We here test the sensitivity of simulated North Atlantic climates to two different reconstructions by using these reconstructions
as boundary conditions for model experiments. An atmospheric general circulation model has been used to perform two simulations
of the (LGM) and a modern-day control simulation. Standard (CLIMAP) reconstructions of sea ice and sea surface temperatures
have been used for the first simulation, and a set of new reconstructions in the Nordic Seas/Northern Atlantic have been used
for the second experiment.

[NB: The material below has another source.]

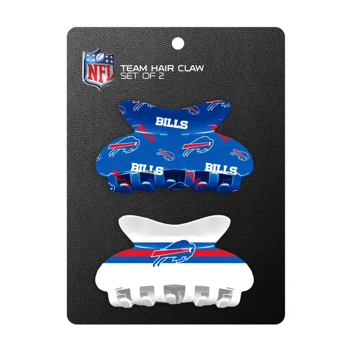 Show off your Bills pride with this playful set of two officially licensed NFL Buffalo Bills Hair Claw Clips. Measuring 4" × 3", each clip is crafted from durable, lightweight PVC and features a sturdy metal spring to hold thick, thin, curly, or straight hair securely—perfect for rocking ponytails or messy buns with some serious Bills Mafia flair! Comes in a convenient 2-pack!

The new reconstruction is based on 158 core samples, and represents ice-free conditions during
summer in the Nordic Seas, with accordingly warmer sea surface temperatures and less extensive sea ice during winter as well.
The simulated glacial climate is globally 5.7 K colder than modern day, with the largest changes at mid and high latitudes.
Due to more intense Hadley circulation, the precipitation at lower latitudes has increased in the simulations of the LGM.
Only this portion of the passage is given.